Currently, the ASK1 inhibitor that is most prominent in clinical trials is selonsertib. Extensive clinical research has been undertaken to evaluate its safety, tolerability, pharmacokinetics, and efficacy across a range of indications:
• In NASH, several Phase 2 and Phase 3 studies have been conducted to assess whether selonsertib can alleviate liver fibrosis and improve liver function.
• In severe alcoholic hepatitis, combination therapy trials have been performed to compare selonsertib plus prednisolone with prednisolone alone, demonstrating an attempt to enhance treatment outcomes through modulation of inflammatory signaling.
• In diabetic kidney disease, a Phase 2b trial (MOSAIC) is investigating the compound’s effect on kidney function and fibrotic progression.
• Furthermore, Phase 1 studies have focused on pharmacokinetic assessments in different hepatic functional groups to guide dosing regimens.

While this body of work has generated promising data regarding the modulation of ASK1-dependent pathological pathways, there are also challenges to overcome. These include the need for precise patient selection, the risk of side effects from overinhibition of ASK1, and the inherent difficulty in translating surrogate biomarkers into definitive clinical outcomes. Future research must focus on optimizing the chemical properties of ASK1 inhibitors, refining clinical trial designs with robust biomarker integration, and exploring combination therapies that can leverage synergistic mechanisms to maximize patient benefit.

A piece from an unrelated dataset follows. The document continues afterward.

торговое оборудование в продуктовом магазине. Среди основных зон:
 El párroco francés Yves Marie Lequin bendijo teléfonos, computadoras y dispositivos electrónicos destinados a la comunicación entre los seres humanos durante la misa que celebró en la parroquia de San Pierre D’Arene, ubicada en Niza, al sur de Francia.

From a general perspective, ASK1 inhibitors represent a highly promising approach to treating a wide spectrum of diseases driven by dysregulated stress and inflammatory responses. Specific aspects of their mechanism—namely, the inhibition of downstream p38 and JNK pathways—highlight both the therapeutic benefit and the challenges associated with targeting such a pivotal signaling node. In a specific context, selonsertib stands out as the leading candidate undergoing multiple clinical trials in diverse disease settings. Its evaluation in conditions such as NASH, diabetic kidney disease, and severe alcoholic hepatitis reflects a comprehensive attempt to harness the therapeutic potential of ASK1 inhibition. Finally, from a general outlook on future implications, the ongoing clinical development, despite certain limitations and mixed results, provides valuable insights that will direct both second-generation inhibitor design and stratified patient selection strategies while fostering innovative trial methodologies.

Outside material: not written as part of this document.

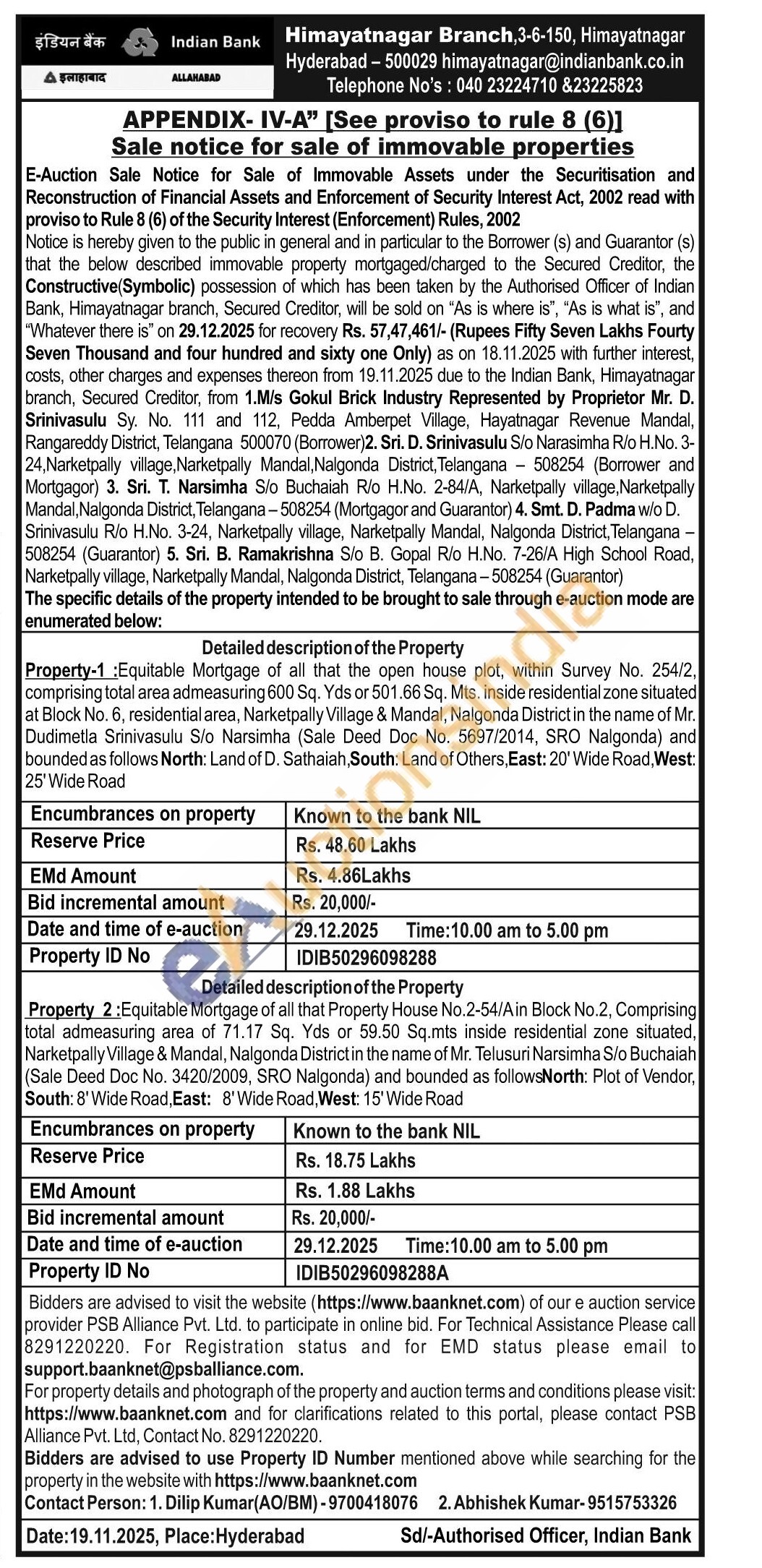 Property 2: Equitable Mortgage of all that Property House No.2-54/Ain Block No.2, Comprising total admeasuring area of 71.17 Sq. Yds or 59.50 Sq.mts inside residential zone situated, Narketpally Village & Mandal, Nalgonda District in the name of Mr. Telusuri Narsimha S/o Buchaiah (Sale Deed Doc No. 3420/2009, SRO Nalgonda) and bounded as followsNorth: Plot of Vendor, South: 8' Wide Road East: 8' Wide Road, West: 15' Wide Road

In conclusion, the current answer to the question “What ASK1 inhibitors are in clinical trials currently?” can be primarily addressed by focusing on selonsertib, which is under investigation in several Phase 1, Phase 2, and Phase 3 clinical trials across indications like NASH, severe alcoholic hepatitis, diabetic kidney disease, and compensated cirrhosis due to NASH. The clinical trials are designed to assess safety, tolerability, pharmacokinetics, and therapeutic efficacy, with preliminary data indicating potential benefits in reducing fibrosis, inflammation, and tissue injury. However, challenges such as determining the optimal dosing regimen, the heterogeneity of disease pathophysiology, and the risk of off-target effects remain. Future research should concentrate on next-generation compounds, more robust biomarker-guided studies, and combinatory therapeutic strategies to maximize the clinical utility of ASK1 inhibition while mitigating its risks.